Une femme trône sur le coffre arrière d’une décapotable rouge. Le véhicule roule lentement le long d’un boulevard, peut-être à Los Angeles. Elle chante et se déhanche sur la nouvelle chanson d’un légendaire groupe rock. Les membres de la formation ont longtemps été quatre, mais leur batteur a rendu l’âme l’an dernier. Deux des membres ont maintenant 80 ans et le plus jeune du quatuor, 76! Là n’est toutefois pas le sujet de cette chronique puisque quoi de plus naturel que vieillir? Reste que la pérennité du groupe épate et nous encourage à durer. 

Revenons au boulevard. La voiture derrière laquelle se balance l’actrice passe devant d’immenses panneaux publicitaires sur lesquels apparaissent nos immortels. On les y voit danser et prononcer distinctement les paroles de leur nouveau succès. Scènes de visages complices s’approchant d’un micro, de solo de guitare et d’un membre qui s’enroule dans un drapeau américain. Rien d’original. Ce qui m’étonne, c’est de les reconnaître dans des corps rajeunis tout en chantant une nouvelle toune

Des images de synthèse, créées à partir de puissants logiciels. Ainsi, la voiture ne roule pas sur les rues de L.A., les traits de la femme ont été travaillés et nos octogénaires n’ont jamais chanté cette pièce dans le passé, pas plus qu’ils ne peuvent s’agiter sur des panneaux le long d’un boulevard. 

Ma blonde comprend mal que je réagisse ainsi, car le fait de jouer avec la réalité n’a rien de nouveau. Ouais… je suis peut-être naïf ou un peu lent de matière grise. Ce qui me déroute, ce sont ces images défaites, refaites, surfaites qui commandent désormais nos imaginaires. Ce sont tous ces moyens utilisés pour guider notre quotidien, dicter nos goûts, nos opinions, voire nos vies. Il ne s’agit plus d’arguments de vente mensongers, mais de réalité augmentée ou d’intelligence artificielle qui tente d’influencer nos façons d’être, et y parvient trop souvent. 

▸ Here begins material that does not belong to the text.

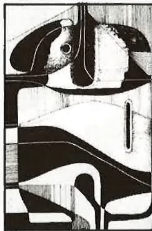
Una formació pictòrica

R.-La meua formació és de pintor. Jo vaig estudiar Belles Arts a Madrid, i a València, a l'Escola de Sant Carles, i, després, he tingut contactes amb molts llocs: Segòvia, Conca, Agost; he treballat directament el fang amb distints professionals, i amb els terrissaires. El contacte ha

Il devient ainsi possible de faire croire que telle personne a dit telle chose avec captations visuelle et sonore à l’appui, alors que c’est faux. Cela se passe déjà. Dans une société capitaliste, tous ces outils servent à la commercialisation, que ce soit d’un album de musique, d’une idée politique ou d’une quelconque bébelle dont nous n’avons pas besoin.  

Nous nous retrouvons traqués dans un embouteillage sur ce boulevard électronique entièrement privatisé. Tous nos clics y sont enregistrés. C’est comme ça que vous recevrez une publicité adaptée à vos habitudes de consommation, quelles qu’elles soient. De la même manière, les partis politiques tenteront d’adapter leur discours à votre profil. 

Voilà pourquoi le réel, nos visages, nos corps, nos mots et la nature m’inspirent et m’attirent tant. Parce que c’est vrai comme les nuages, la neige, la pluie, les outardes qui volent dans le ciel ou les feuillus qui s’enflamment. En fin de compte, c’est bien davantage à notre portée que de s’illusionner à vouloir rencontrer Mick Jagger, Keith Richard et Ronnie Wood en personne. Pas vrai?